Data block:
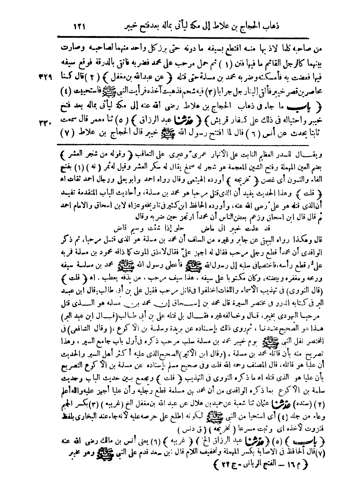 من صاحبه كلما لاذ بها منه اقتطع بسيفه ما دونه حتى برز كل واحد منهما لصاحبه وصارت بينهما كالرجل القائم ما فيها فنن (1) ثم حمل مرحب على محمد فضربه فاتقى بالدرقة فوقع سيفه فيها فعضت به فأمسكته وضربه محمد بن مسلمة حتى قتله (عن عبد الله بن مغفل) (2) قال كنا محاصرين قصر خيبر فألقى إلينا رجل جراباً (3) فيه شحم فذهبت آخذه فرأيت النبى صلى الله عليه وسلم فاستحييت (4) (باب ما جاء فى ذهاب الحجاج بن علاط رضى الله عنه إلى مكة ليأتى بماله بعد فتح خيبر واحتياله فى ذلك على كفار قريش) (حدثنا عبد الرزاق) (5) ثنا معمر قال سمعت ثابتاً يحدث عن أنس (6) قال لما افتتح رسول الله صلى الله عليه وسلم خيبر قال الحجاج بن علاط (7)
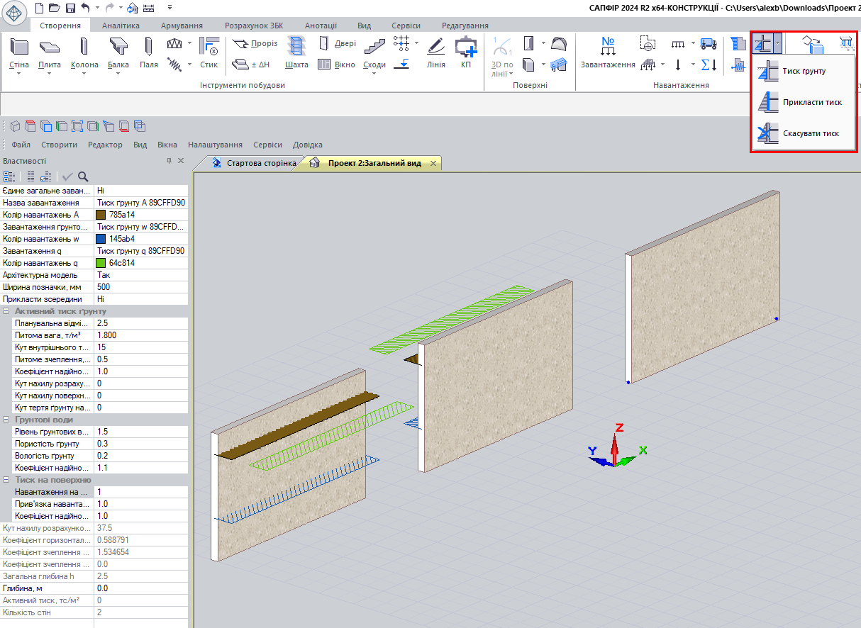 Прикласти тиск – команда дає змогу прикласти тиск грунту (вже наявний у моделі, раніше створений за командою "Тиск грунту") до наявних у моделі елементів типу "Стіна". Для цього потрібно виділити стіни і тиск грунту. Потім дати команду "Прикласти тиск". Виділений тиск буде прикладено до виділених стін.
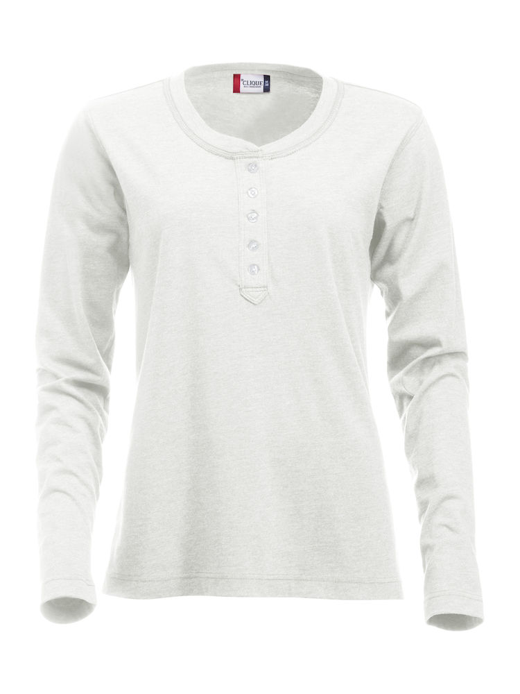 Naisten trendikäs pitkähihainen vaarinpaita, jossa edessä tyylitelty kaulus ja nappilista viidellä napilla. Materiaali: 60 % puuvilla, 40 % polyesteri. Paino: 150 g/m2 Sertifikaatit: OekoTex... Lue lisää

What this task involves: Please output the data above exactly as given, omitting every picture.

Exercise result:
 من صاحبه كلما لاذ بها منه اقتطع بسيفه ما دونه حتى برز كل واحد منهما لصاحبه وصارت بينهما كالرجل القائم ما فيها فنن (1) ثم حمل مرحب على محمد فضربه فاتقى بالدرقة فوقع سيفه فيها فعضت به فأمسكته وضربه محمد بن مسلمة حتى قتله (عن عبد الله بن مغفل) (2) قال كنا محاصرين قصر خيبر فألقى إلينا رجل جراباً (3) فيه شحم فذهبت آخذه فرأيت النبى صلى الله عليه وسلم فاستحييت (4) (باب ما جاء فى ذهاب الحجاج بن علاط رضى الله عنه إلى مكة ليأتى بماله بعد فتح خيبر واحتياله فى ذلك على كفار قريش) (حدثنا عبد الرزاق) (5) ثنا معمر قال سمعت ثابتاً يحدث عن أنس (6) قال لما افتتح رسول الله صلى الله عليه وسلم خيبر قال الحجاج بن علاط (7)
 Прикласти тиск – команда дає змогу прикласти тиск грунту (вже наявний у моделі, раніше створений за командою "Тиск грунту") до наявних у моделі елементів типу "Стіна". Для цього потрібно виділити стіни і тиск грунту. Потім дати команду "Прикласти тиск". Виділений тиск буде прикладено до виділених стін.
 Naisten trendikäs pitkähihainen vaarinpaita, jossa edessä tyylitelty kaulus ja nappilista viidellä napilla. Materiaali: 60 % puuvilla, 40 % polyesteri. Paino: 150 g/m2 Sertifikaatit: OekoTex... Lue lisää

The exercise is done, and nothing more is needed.